Psicóloga Cognitiva, Mestranda pelo Departamento de Psicobiologia da Universidade Federal de São Paulo / UNIFESP e Colaboradora do Centro Paulista de Neuropsicologia (REAB-CPN). Trabalha com Avaliação e Reabilitação Neuropsicológica de adultos com Lesão Encefálica Adquirida (LEA) e desenvolve estudos com pacientes amnésicos e os processos de consolidação da memória.

Personalidade e o que nosso cérebro tem a ver com isso

Nada de Freud, ou explicações projetivas. Nada de Rogers, nem correntes humanistas e derivados. Não que eu tenha algo contra essas duas figuras importantes da psicologia e seus respectivos movimentos, mas gostaria de falar sobre personalidade de uma perspectiva biológica.

O fato é que é bastante comum na área da psicologia associarmos o tema personalidade a teorias que nada falam sobre suas bases biológicas e nem como esses processos biológicos são importantes para a formação da personalidade única de cada um de nós. Minha tentativa é a de explorar um pouco este outro segmento, portanto.

Sem querer reinventar a roda, mas só para tomar como ponto básico da questão: a personalidade vai se desenvolvendo ao longo da vida como resultado da interação entre fatores genéticos e ambientais.

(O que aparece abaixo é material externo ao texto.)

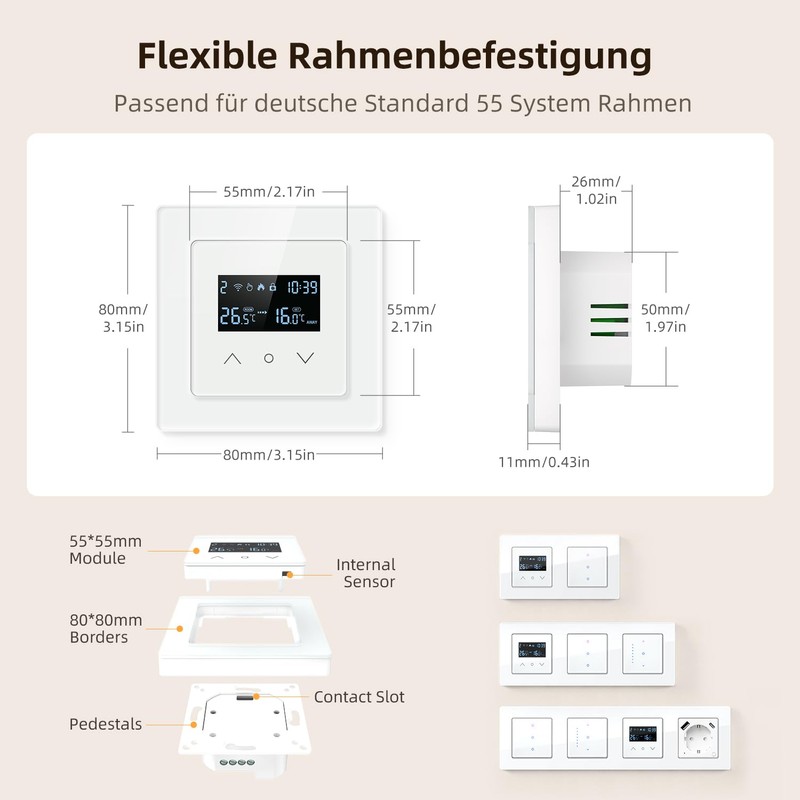 - Stable: the flush-mounted thermostat has a split panel design (80 x 80 mm outer frame, 55 x 55 mm inner frame) and can be used directly in a free-standing installation or in a 1-compartment frame or multi-compartment cover. frame of a conventional system 5 5. Easy integration into existing switch series from leading manufacturers: Berker, Gira, Merten, Jung and Elso.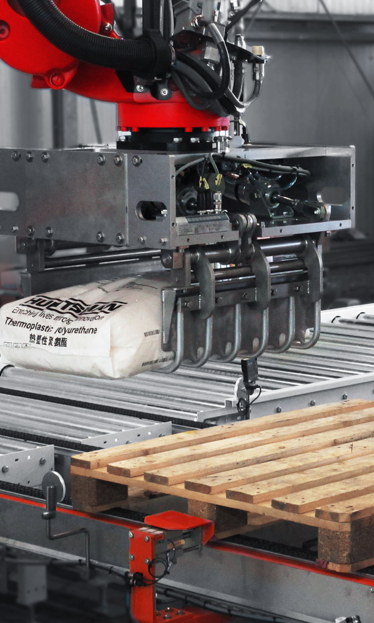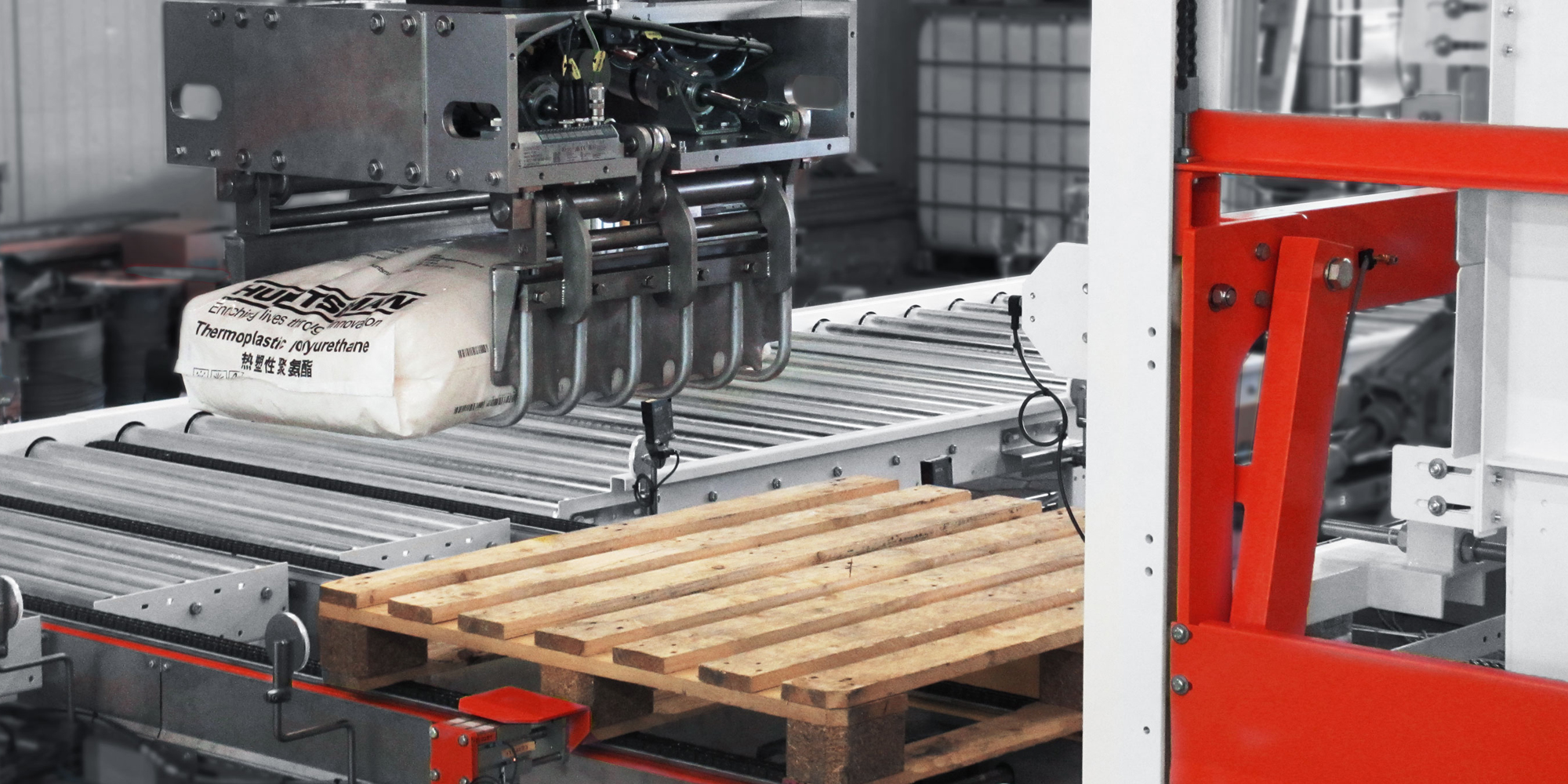 - Vollautomatischer Sackpalettierer mit Kombigreifer

Pois bem. Temos observado cada vez mais estudos revelando componentes genéticos relacionados a traços de personalidade principalmente em estudos com gêmeos monozigóticos e dizigóticos. Para resumir a história toda, o que estes estudos falam é que os gêmeos monozigóticos que carregam os mesmos genes (diferentes dos dizigóticos que não carregam), mesmo quando criados separados, ou seja, por famílias diferentes compartilhariam as mesmas características de personalidade. Essa é uma das maiores evidências de que a personalidade, ou mais comumente falando, o “nosso jeito de ser” muito tem a ver com nossos cromossomos, genes, DNA, cérebro, enfim.

Sabemos também que muitos dos genes que carregamos podem estar especificamente ligados a traços de personalidade, como por exemplo, a quantidade de neurotransmissores que temos em regiões específicas do nosso cérebro. Tê-los de mais ou de menos determinariam o modo como nossos comportamentos são regulados, e portanto, nossa personalidade também.

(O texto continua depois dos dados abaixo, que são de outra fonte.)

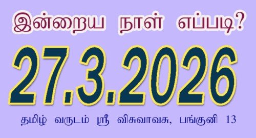 விசுவாவசு வருடம் பங்குனி மாதம் 13 ஆம் தேதி வெள்ளிக்கிழமை 27.3.2026.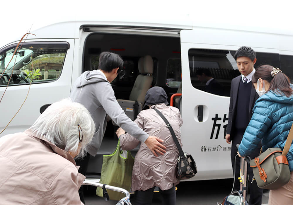 リフト付福祉車両を使用した少人数制の旅行サービスで、介護施設の外出レクリエーションの一環としてご利用者様・ご入居者様にご利用いただいております。介護施設の担当者は多彩なバリアフリーツアープランより、コースを選んで日付を決めるだけでOKです。あとは参加者を5名集めていただければ催行決定。旅行には、添乗資格はもちろんのこと、介護資格を有したスタッフがドライバーとして同行いたします。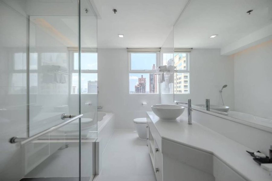 Executive pet friendly 3 bedroom apartment for rent near Asok BTS Station is situated on a middle floor level of the building with a spacious balcony. Fully furnished luxury 3 bedroom at GM Serviced Apartment for rent has 3 ensuite bathrooms, guest toilet, maid’s quarters with separate entrance and a generous 182 SQM of usable living area.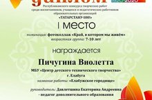 2 марта 2020 года учащаяся объединения "Азбука пешехода" Пичугина Виолетта под руководством педагога ДО Давлетшиной Екатерины Андреевны получила 1 место в Республиканском конкурсе творческих работ среди воспитанников, учащихся и педагогических работников «Татарстану – 100!» в номинации фотоколлаж «Край, в котором мы живем» Поздравляем!

Pensando em tempos um pouco remotos, na década de 1950 pacientes psiquiátricos julgados como “pessoas incorrigíveis” eram submetidos a uma cirurgia chamada lobotomia, um procedimento que hoje já caiu em desuso, e que rompia ligamentos do lobo frontal a regiões subcorticais (mais profundas) do cérebro. Este procedimento era realizado como uma forma de alterar aspectos importantes da personalidade. Para quem não viu o clássico filme Um estranho no ninho, estrelado por Jack Nicholson, fica a dica para conhecer mais sobre o assunto

Agora, já puxando uma sardinha para o meu lado, profissionais que trabalham com Neuropsicologia e Reabilitação hão de concordar comigo: quando uma pessoa sofre uma lesão cerebral na região do córtex pré-frontal, por exemplo, ela pode sofrer mudanças fortes na personalidade. De calma, tranquila e introvertida, a uma pessoa extrovertida, desinibida, impulsiva e socialmente inadequada (por ex.: falar que você está gordo(a) e não perceber o quanto isso é indelicado). Já pessoas que sofrem lesão no lobo temporal (região lateral da cabeça) podem se tornar mal-humoradas, metódicas e obsessivas para seguir regras.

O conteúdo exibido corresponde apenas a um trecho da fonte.